Returning to the senses we may briefly consider two questions—first their relation to the mind, secondly, their relation to outward objects:—

1. The senses are not merely 'holes set in a wooden horse' (Theaet.), but instruments of the mind with which they are organically connected. There is no use of them without some use of words—some natural or latent logic—some previous experience or observation. Sensation, like all other mental processes, is complex and relative, though apparently simple. The senses mutually confirm and support one another; it is hard to say how much our impressions of hearing may be affected by those of sight, or how far our impressions of sight may be corrected by the touch, especially in infancy. The confirmation of them by one another cannot of course be given by any one of them. Many intuitions which are inseparable from the act of sense are really the result of complicated reasonings. The most cursory glance at objects enables the experienced eye to judge approximately of their relations and distance, although nothing is impressed upon the retina except colour, including gradations of light and shade. From these delicate and almost imperceptible differences we seem chiefly to derive our ideas of distance and position. By comparison of what is near with what is distant we learn that the tree, house, river, etc. which are a long way off are objects of a like nature with those which are seen by us in our immediate neighbourhood, although the actual impression made on the eye is very different in one case and in the other.
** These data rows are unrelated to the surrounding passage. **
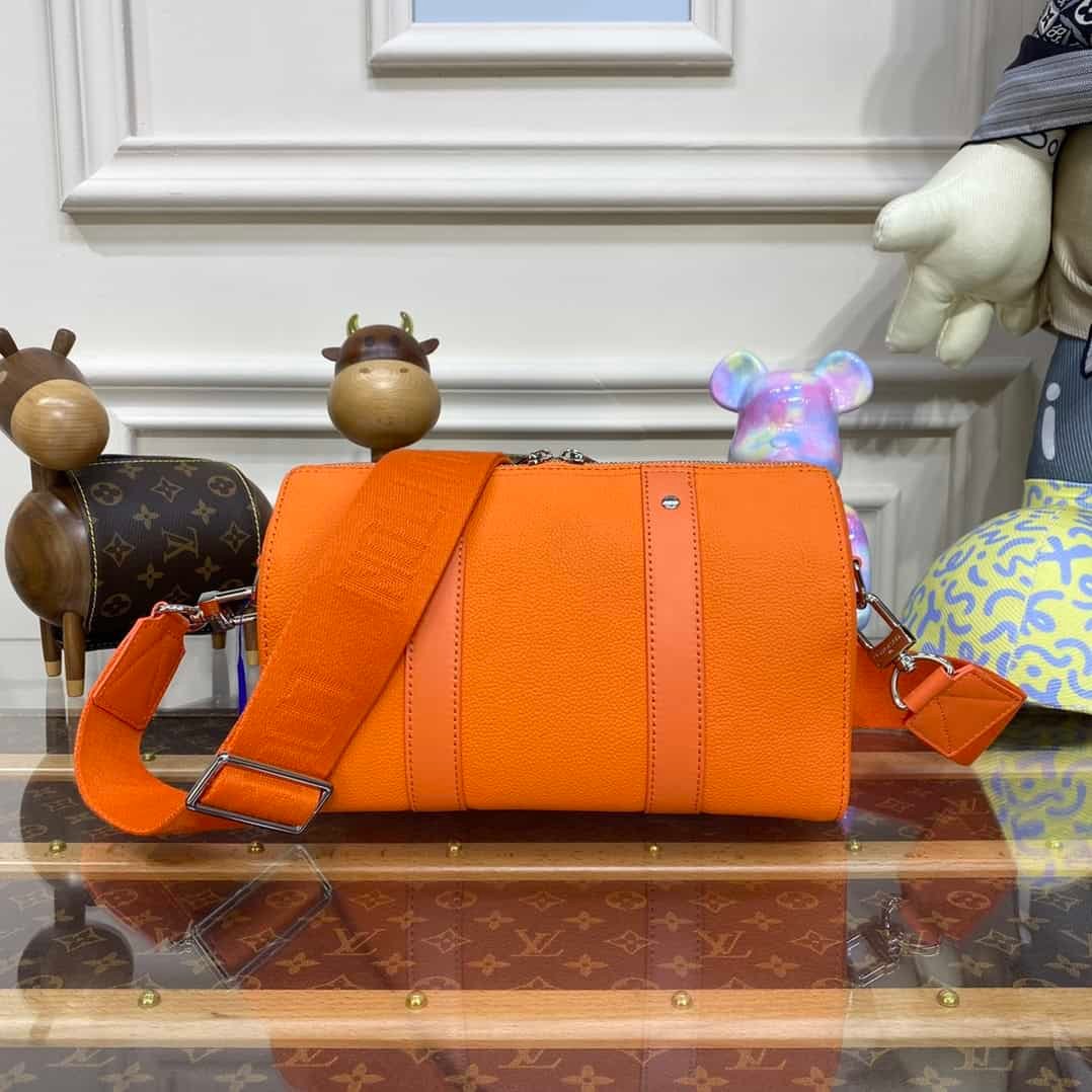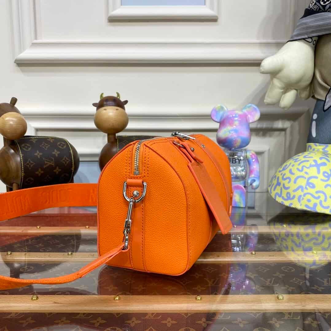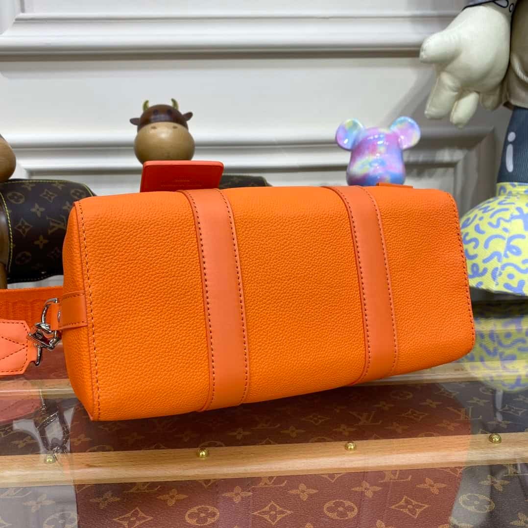 Menswear Artistic Director Virgil Abloh reimagines a classic bag – creating the Men’s City Keepall. Made of black grained leather with details in black and white Damier Distorted canvas. Decorated with initials.
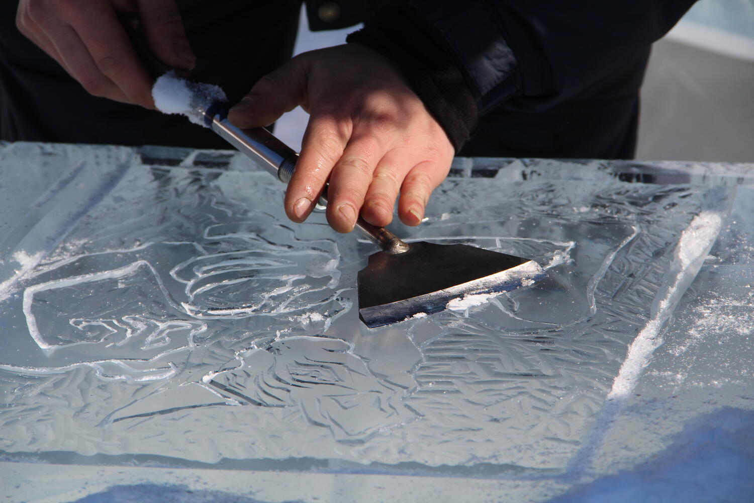 Необычные художники расположились около набережной Хабаровска. На улице еще держатся минусовые температуры, но тепло таким творцам не нужно, ведь они вырезают свои картины на льду. Сначала рисунок появляется на ледяной глыбе, а затем с помощью краски переносится на бумагу. Вдохновение скульпторы черпают из того, что им ближе всего по духу. Как проходит фестиваль и какие рисунки будут представлены в одном из музеев Хабаровска, можете увидеть в нашем фоторепортаже.
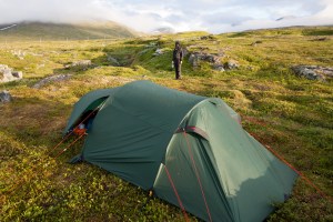 Vi lämnar ett underbart Stugan kl 07.40 och åker Docksta – Sundsvall, Sundsvall – Ånge (lunch på kinesen i Ånge) och sedan Ånge – Enafors för att där bli hämtade med buss till Storulvån. Efter en snabb titt på fjällstationen ger vi oss iväg för att hitta en tältplats. Efter en del uppförsbacke kommer vi upp och fjällvärlden öppnar sig, underbart! Fantastiska berg. Vi kommer fram till hängbron över Lillulvån och korsar denna rangliga bro för att sedan slå läger några hundra meter från bron vid en alldeles egen liten fjällbäck. Middag blir biffstroganoff tillagad kvällen innan. Efter mycket fotograferande kryper vi in i tältet när solen går ner kring 22-tiden. Det tar ett tag att somna, det är många ljud (främst vinden som fladdrar i tältduken). Efter en mycket blåsig ochlite kall natt stiger vi upp vid 7-tiden (Åsa) och 8-tiden (Patrik) för att äta frukost.

This is a language of 'large and small letters' (Republic), slightly differing in form and exquisitely graduated by distance, which we are learning all our life long, and which we attain in various degrees according to our powers of sight or observation. There is nor the consideration. The greater or less strain upon the nerves of the eye or ear is communicated to the mind and silently informs the judgment. We have also the use not of one eye only, but of two, which give us a wider range, and help us to discern, by the greater or less acuteness of the angle which the rays of sight form, the distance of an object and its relation to other objects. But we are already passing beyond the limits of our actual knowledge on a subject which has given rise to many conjectures. More important than the addition of another conjecture is the observation, whether in the case of sight or of any other sense, of the great complexity of the causes and the great simplicity of the effect.

The sympathy of the mind and the ear is no less striking than the sympathy of the mind and the eye. Do we not seem to perceive instinctively and as an act of sense the differences of articulate speech and of musical notes? Yet how small a part of speech or of music is produced by the impression of the ear compared with that which is furnished by the mind!

Again: the more refined faculty of sense, as in animals so also in man, seems often to be transmitted by inheritance. Neither must we forget that in the use of the senses, as in his whole nature, man is a social being, who is always being educated by language, habit, and the teaching of other men as well as by his own observation. He knows distance because he is taught it by a more experienced judgment than his own; he distinguishes sounds because he is told to remark them by a person of a more discerning ear. And as we inherit from our parents or other ancestors peculiar powers of sense or feeling, so we improve and strengthen them, not only by regular teaching, but also by sympathy and communion with other persons.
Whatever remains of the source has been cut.